Must every joy be dung and dross?
Must my dear Butts feel cold neglect
Because I give Hayley his due respect?
Must Flaxman look upon me as wild.
And all my friends be with doubts beguil'd?
Must my Wife live in my Sister's bane,
Or my Sister survive on my Love's pain?
The curses of Los, the terrible shade.
And his dismal terrors make me afraid."


  1. Los, the Spirit of Prophecy (Jerusalem, p. 44, l. 31) is symbolised in the natural world by the Sun (the name itself being a transposition of the word Sol); and just as the Sun, as light, is the vehicle, and so in a certain sense the creator of phenomenal life: so Los is the vehicle and creator of inspiration, in the human brain, cp. Milton, p. 23, ll. 68-76: "Los is nam'd Time, Enitharmon is nam'd Space: | But they depict him bald & aged, who is in eternal youth, | All powerful, and his looks flourish like the brows of morning: | He is the Spirit of Prophecy, the ever apparent Elias. I Time is the mercy of Eternity; without Time's swiftness, | which is the swiftest of all things, all were eternal torment. | All the Gods of the Kingdoms of Earth labour in Los's Halls: | Every one is a fallen son of the Spirit of Prophecy: | He is the Fourth Zoa that stood around the Throne Divine" (cp. also Milton, p. 20, ll. 6-25).

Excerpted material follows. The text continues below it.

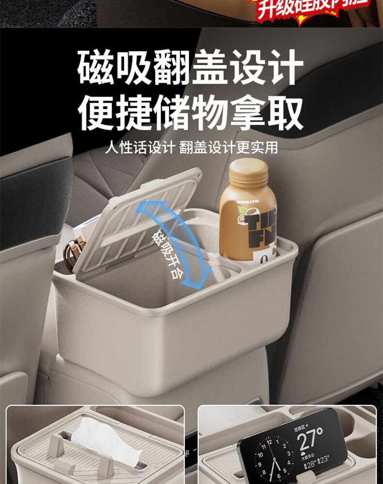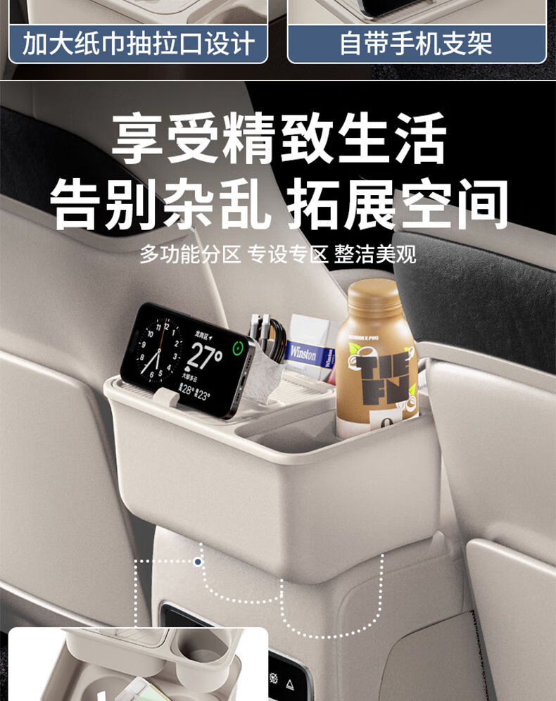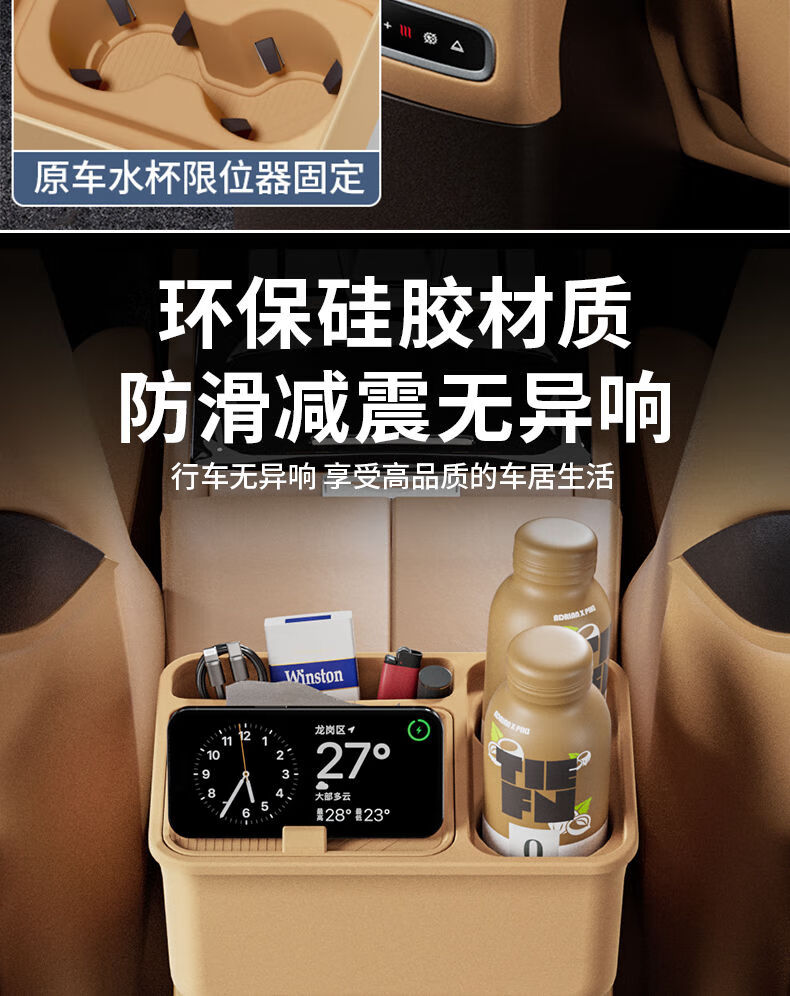 Mangosteen (shanzhu) is suitable for 24-25 models of DENZA D9, second-row armrest box, tissue box, tissue box, water cup holder, interior accessories, 24-25 models of water cup expansion box, upgraded model - silicone liner Kuang 1, DENZA, DENZA D9

  2. The Cave and the Rock are always, v/ith Blake, evil and gloomy symbols: they represent the dark, hard, and contracted life of Reason—"For man has closed himself up, till he sees all things through the narrow chinks of his cavern" (Marriage of Heaven and Hell), (cp. Jerusalem, p. 31, l. 6: "Caves of solitude and dark despair"; p. 43, l. 60: "I see a Cave, a Rock, a Tree deadly and poisonous, unimaginative.